▶ [Records]

+===+

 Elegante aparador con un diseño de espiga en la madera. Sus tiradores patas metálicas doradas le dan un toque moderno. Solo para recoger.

+===+

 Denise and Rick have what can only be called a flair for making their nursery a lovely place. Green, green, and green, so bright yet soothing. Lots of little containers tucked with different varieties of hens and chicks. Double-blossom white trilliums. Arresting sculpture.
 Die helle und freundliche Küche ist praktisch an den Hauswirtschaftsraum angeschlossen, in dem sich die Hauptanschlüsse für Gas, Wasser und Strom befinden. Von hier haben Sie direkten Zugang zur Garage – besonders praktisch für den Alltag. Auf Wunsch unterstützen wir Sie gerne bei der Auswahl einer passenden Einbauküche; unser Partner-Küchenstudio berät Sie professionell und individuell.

+===+

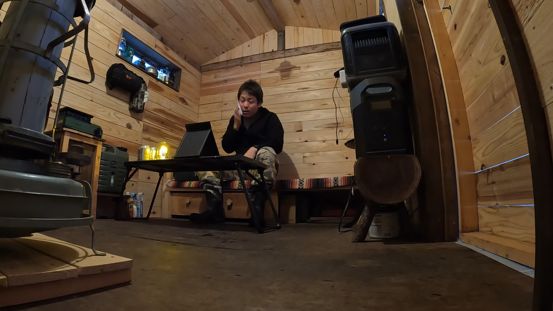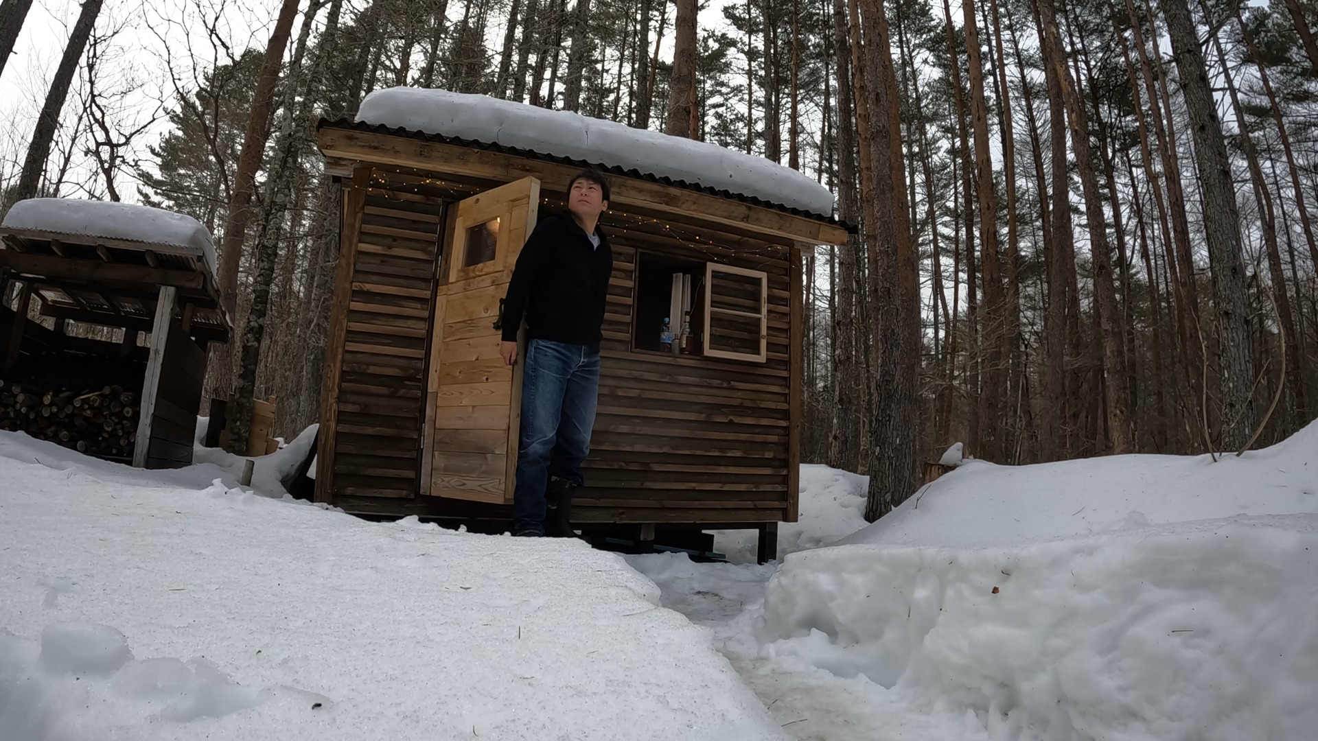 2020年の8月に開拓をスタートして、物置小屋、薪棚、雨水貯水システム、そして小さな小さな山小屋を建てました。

+===+

▶ [What is being asked] Retype the records above, but only those lines that fall between the line containing "Denise and Rick" and the line containing "Die helle und", with both of those lines included, exactly as written.

▶ [Exercise output]
 Denise and Rick have what can only be called a flair for making their nursery a lovely place. Green, green, and green, so bright yet soothing. Lots of little containers tucked with different varieties of hens and chicks. Double-blossom white trilliums. Arresting sculpture.
 Die helle und freundliche Küche ist praktisch an den Hauswirtschaftsraum angeschlossen, in dem sich die Hauptanschlüsse für Gas, Wasser und Strom befinden. Von hier haben Sie direkten Zugang zur Garage – besonders praktisch für den Alltag. Auf Wunsch unterstützen wir Sie gerne bei der Auswahl einer passenden Einbauküche; unser Partner-Küchenstudio berät Sie professionell und individuell.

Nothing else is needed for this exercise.